29. Extra mogelijkheid aanwijzing herplaatsingskandidaat
[Regeling vervallen per 01-01-2012]
Fase 1: – Fase 2: – Fase 3: R
Indien binnen een jaar na herplaatsing blijkt dat de nieuwe functie toch niet passend
is, kan de medewerker één keer door het bevoegd gezag opnieuw worden aangewezen als
herplaatsingskandidaat. De eventuele periode die de medewerker vóór herplaatsing in
betreffende functie al herplaatsingskandidaat is geweest, wordt dan in mindering gebracht
op de nieuwe herplaatsingstermijn (extra beleid).

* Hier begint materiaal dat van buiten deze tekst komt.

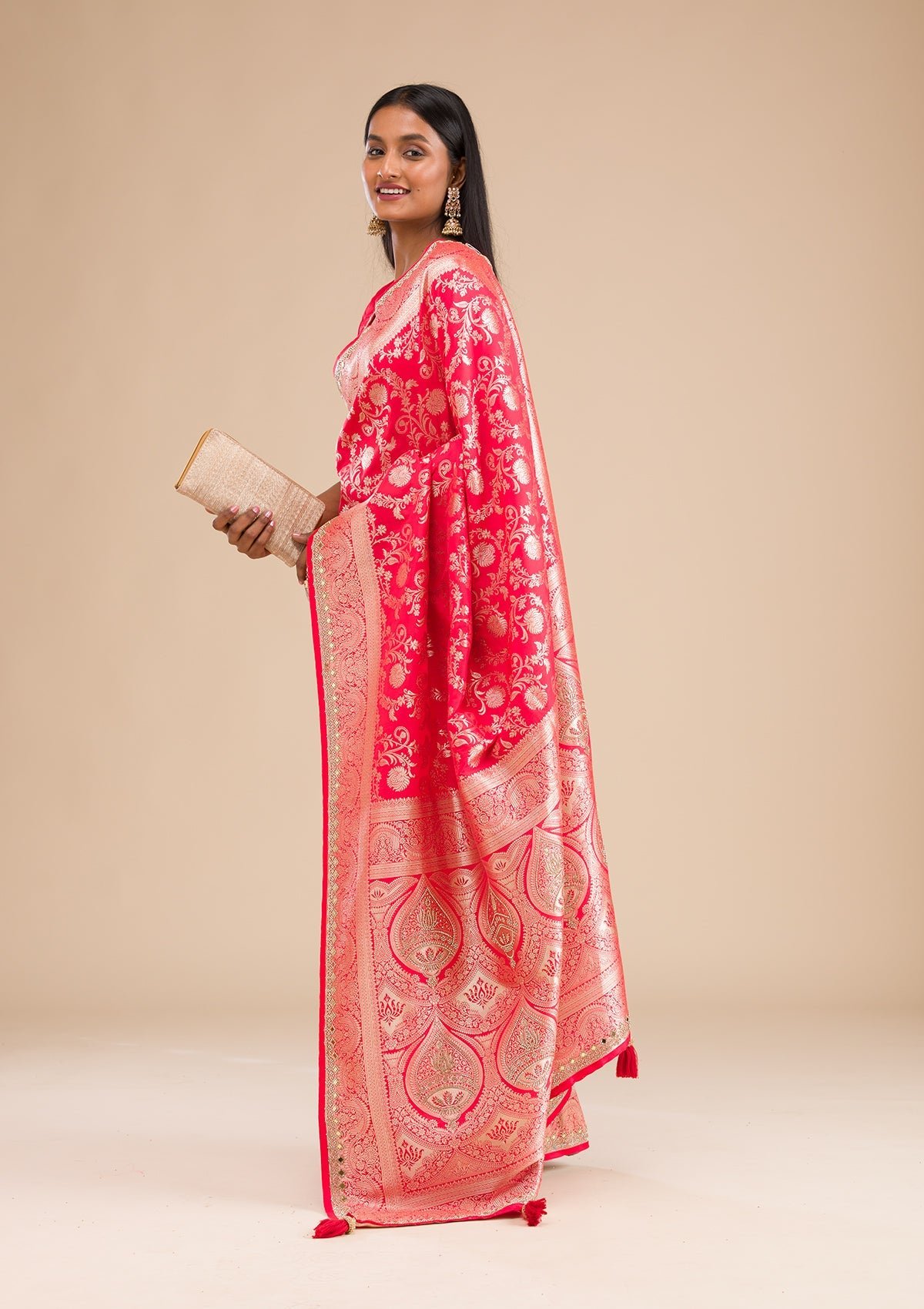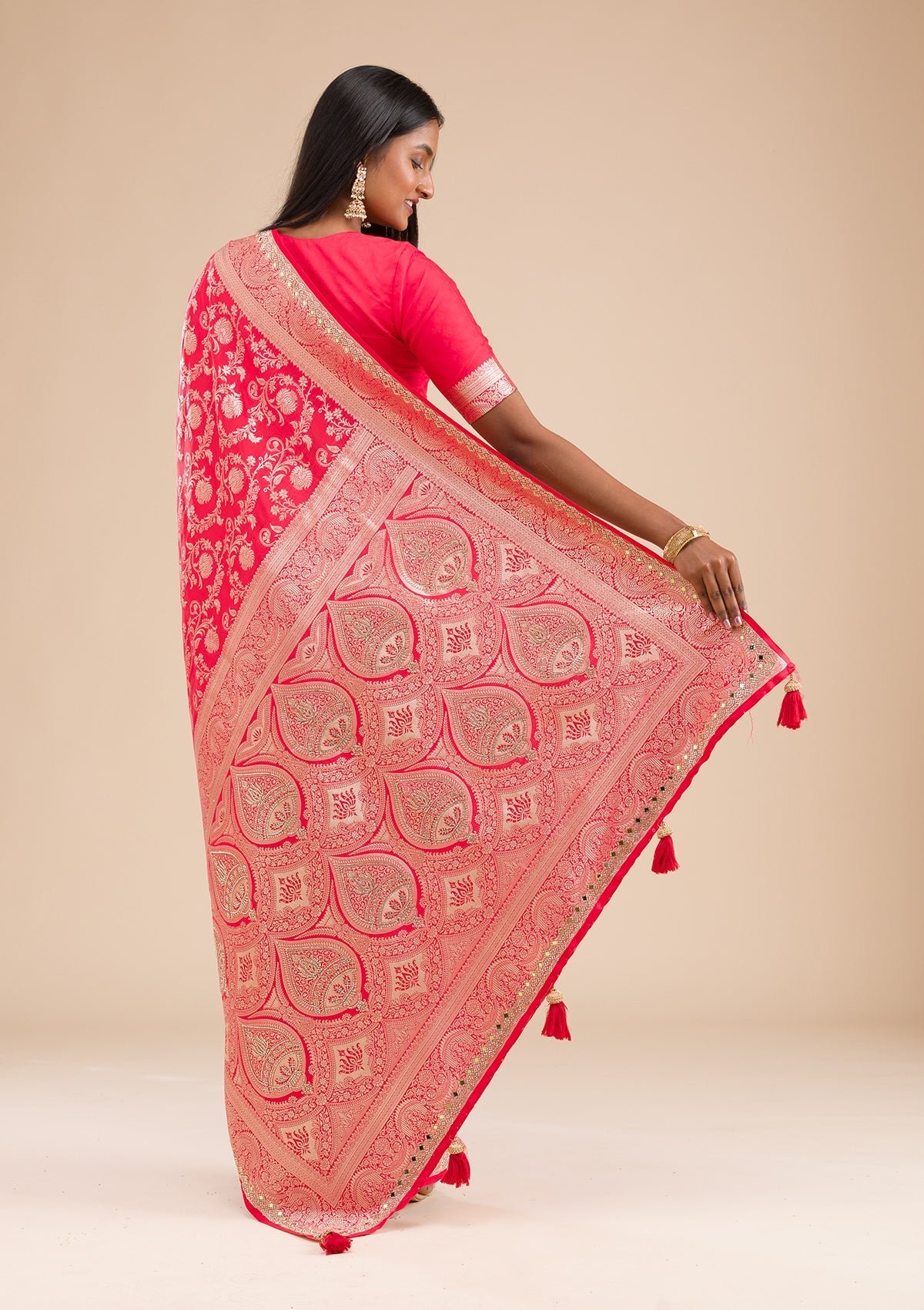 – Red Saree in Banarasi Silk fabric

30. Toepassing SFB bij niet passendheid functie
[Regeling vervallen per 01-01-2012]
Fase 1: – Fase 2: R Fase 3: –
Indien binnen een jaar na de plaatsing van een medewerker die behoort tot een aangewezen
groep in fase 2 naar het oordeel van het (nieuwe) bevoegd gezag blijkt dat een functie
niet passend is, heeft de medewerker gedurende één jaar recht op toepassing van het
Beleid behorend bij fase 2
31. Vergoeding kosten in verband met mobiliteit
[Regeling vervallen per 01-01-2012]
Fase 1: K Fase 2: K Fase 3: K
Het bevoegd gezag heeft de mogelijkheid (overige) kosten te vergoeden of faciliteiten
aan te bieden die samenhangen met gerealiseerde mobiliteit. Dit betreft een open mogelijkheid
om in individuele gevallen een compensatie te geven voor bijzondere kosten in relatie
tot mobiliteit of te ondersteunen bij mobiliteitsbelemmerende factoren in de privé-sfeer,
zoals bijvoorbeeld ondersteuning van een partner bij vinden van ander werk of emotionele
begeleiding (uitbreiding artikel 69 ARAR).